- Comune di Govone
- Govone Location within Italy Govone Location within Piedmont
- Coordinates: 44°48′N 8°6′E﻿ / ﻿44.800°N 8.100°E
- Country: Italy
- Region: Piedmont
- Province: Province of Cuneo (CN)

Area
- • Total: 18.8 km^{2} (7.3 sq mi)
- Elevation: 301 m (988 ft)

Population (Dec. 2019)
- • Total: 2,132
- • Density: 113/km^{2} (294/sq mi)
- Demonym: Govonesi
- Time zone: UTC+1 (CET)
- • Summer (DST): UTC+2 (CEST)
- Postal code: 12040
- Dialing code: 0173
- Website: Official website

= Govone =

Govone (Gon /pms/ or Govon /pms/) is an Italian town of 2,294 inhabitants in the province of Cuneo in Piedmont.

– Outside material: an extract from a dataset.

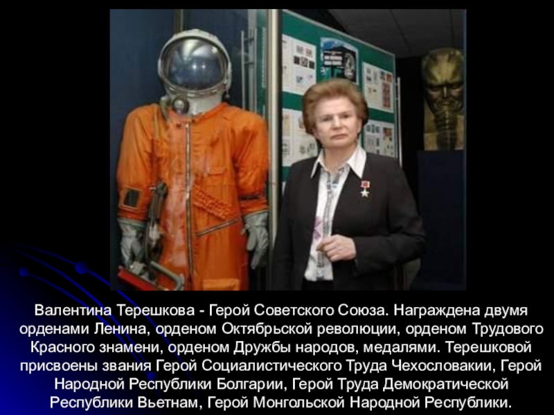 Валентина Терешкова - Герой Советского Союза. Награждена двумя

It is part of the historical region of Roero and is located on the border with the province of Asti, about halfway between the cities of Alba and Asti.

The site has been inhabited since Roman times, as evidenced by numerous findings, and is mentioned in early medieval documents. Formerly a bishopric fief, then passed to the property of the Solaro family of Asti, it was later a resort for the House of Savoy in the early decades of the nineteenth century. It is now known above all for its castle, in which the philosopher Jean-Jacques Rousseau, who has just entered the service of Count Ottavio Solaro, stayed when he was just eighteen years old (year 1730).

== Economy ==

The economy of the area is mainly agricultural, with a particular emphasis to the cultivation of vines on the hillsides - red wines barbera, bonarda, dolcetto, nebbiolo and arneis white wine, as well as hazelnut plantations, while vegetables and cereals are produced in the fertile peripheral plain.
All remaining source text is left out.